Chronique

Jessica Pavone

Clamor

Katherine Young (bsn), Aimée Niemann, Charlotte Munn-Wood (vln), Abby Swidler, Jessica Pavone (vla), Mariel Roberts (cello), Shayna Dulberger (b).

Label / Distribution : Out of Your Head Records

Un peu plus d’un an après nous avoir enchantés avec Lull et un autre projet solo, la grande altiste étasunienne Jessica Pavone revient avec une œuvre radicalement différente mais tout aussi ambitieuse. Loin de l’électronique et de l’électricité qui émaillaient ses derniers disques, c’est l’organique qui détermine l’énergie de Clamor, avec un sextuor à cordes auquel s’ajoute ponctuellement le basson de Katherine Young. Ce n’est pas la première fois que la jeune soufflante participe à la musique de Pavone, on l’a entendue déjà en compagnie de Carl Testa et de l’altiste. C’est aussi une musicienne régulière d’Anthony Braxton qui se trouve très à son aise dans ce Clamor très codifié où l’improvisation reste dirigée par des consignes fermes, en termes de temporalité et de timbre. En témoigne la longue pièce en deux parties « Nu-Shu » où le basson intervient en soliste, prenant toute la place avant d’être érodé par les cordes en proie à un besoin de liberté. Une échappée tenace, subtile mais inéluctable, qui se gagne à petit pas. Une métaphore.
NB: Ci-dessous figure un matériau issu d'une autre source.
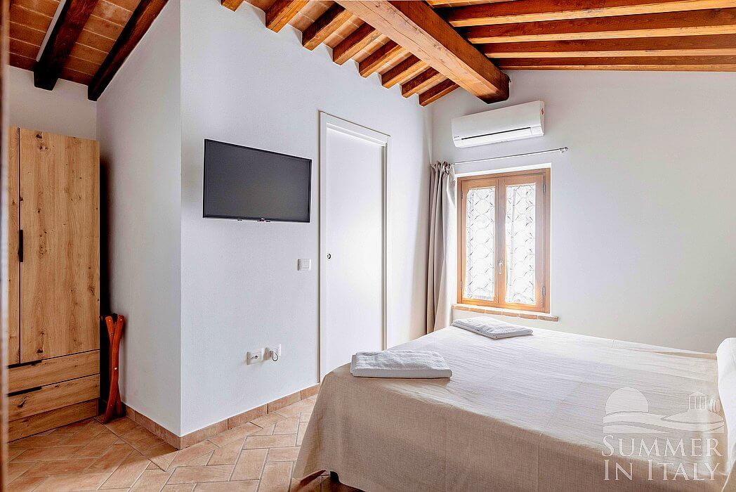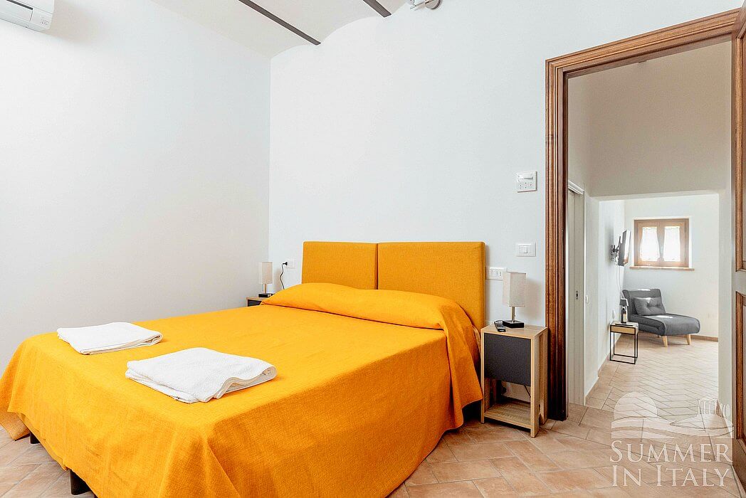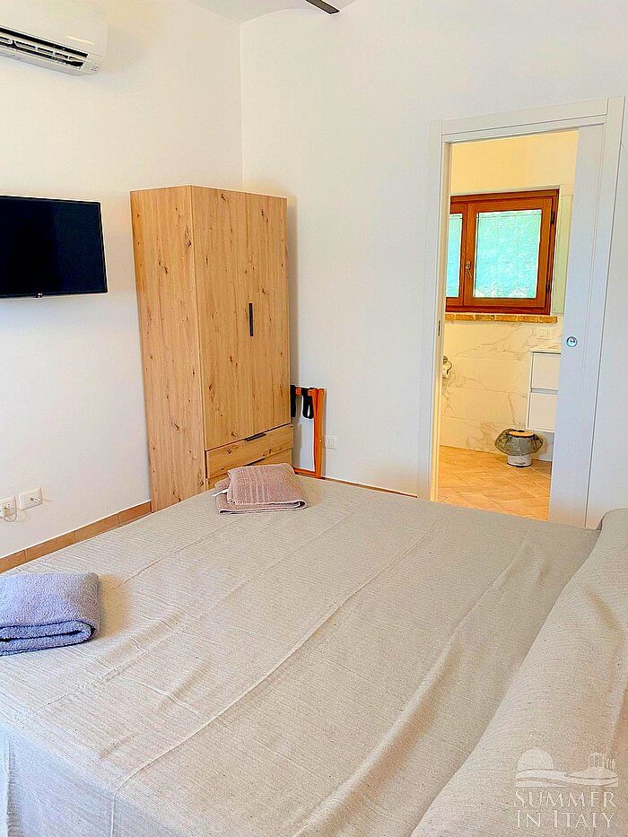 You will be able to enter the sixth bedroom from the kitchen through an access area, climbing three steps. The bedroom has a matrimonial bed (160 cm/63 inches, wider than a queen-size bed), that can be split into twins if requested (please contact our staff in advance to make arrangements). In this room you will find a satellite television (local channels). The room has a window, and it's equipped with an air conditioning/heating unit.

La volonté de Jessica Pavone et du sextet de cordes dans ce Clamor est de célébrer la liberté des femmes. C’est un combat constant qui s’illustre dans le corps-à-corps spectral du basson et des cordes au cœur de la première partie de « Nu-Shu » ; elle s’incarnera davantage encore lorsque, dans la seconde partie, Abby Swidler et Jessica Pavone s’offriront des solos d’alto à la raucité délicieuse. Pour ce disque, Pavone s’appuie sur une partie de son habituel String Ensemble, où l’on retrouve la violoniste Aimée Niemann. Passé en sextuor, l’orchestre s’est notamment augmenté de la violoncelliste Mariel Roberts, qu’on avait pu entendre dans Folie à Quatre. Sur « Bloom », elle propose une couleur foncièrement différente, une sorte d’insouciance acquise prête à essaimer mais résolument impermanente, lestée par une pâte orchestrale chargée de tourments.
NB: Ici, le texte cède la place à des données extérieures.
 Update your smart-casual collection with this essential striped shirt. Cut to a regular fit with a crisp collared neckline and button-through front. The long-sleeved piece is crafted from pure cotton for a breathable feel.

La clé de Clamor est le premier morceau, « Neolttwigi », jeu féminin emblématique de la Corée, balançoire horizontale où l’on saute pour élever l’autre protagoniste en faisant contrepoids [1], ce qui permettait aux jeunes filles de voir au-delà des hauts murs des bâtisses où elles étaient recluses. Des hauts et des bas, un mouvement pendulaire, un équilibre de chaque instant, voilà tout le propos de Jessica Pavone dans un disque qui la désigne encore une fois parmi les plus aventureuses compositrices de son époque.

par Franpi Barriaux // Publié le 7 janvier 2024
P.-S. :

[1Ici, on appelle ça prosaïquement le « tape-cul ».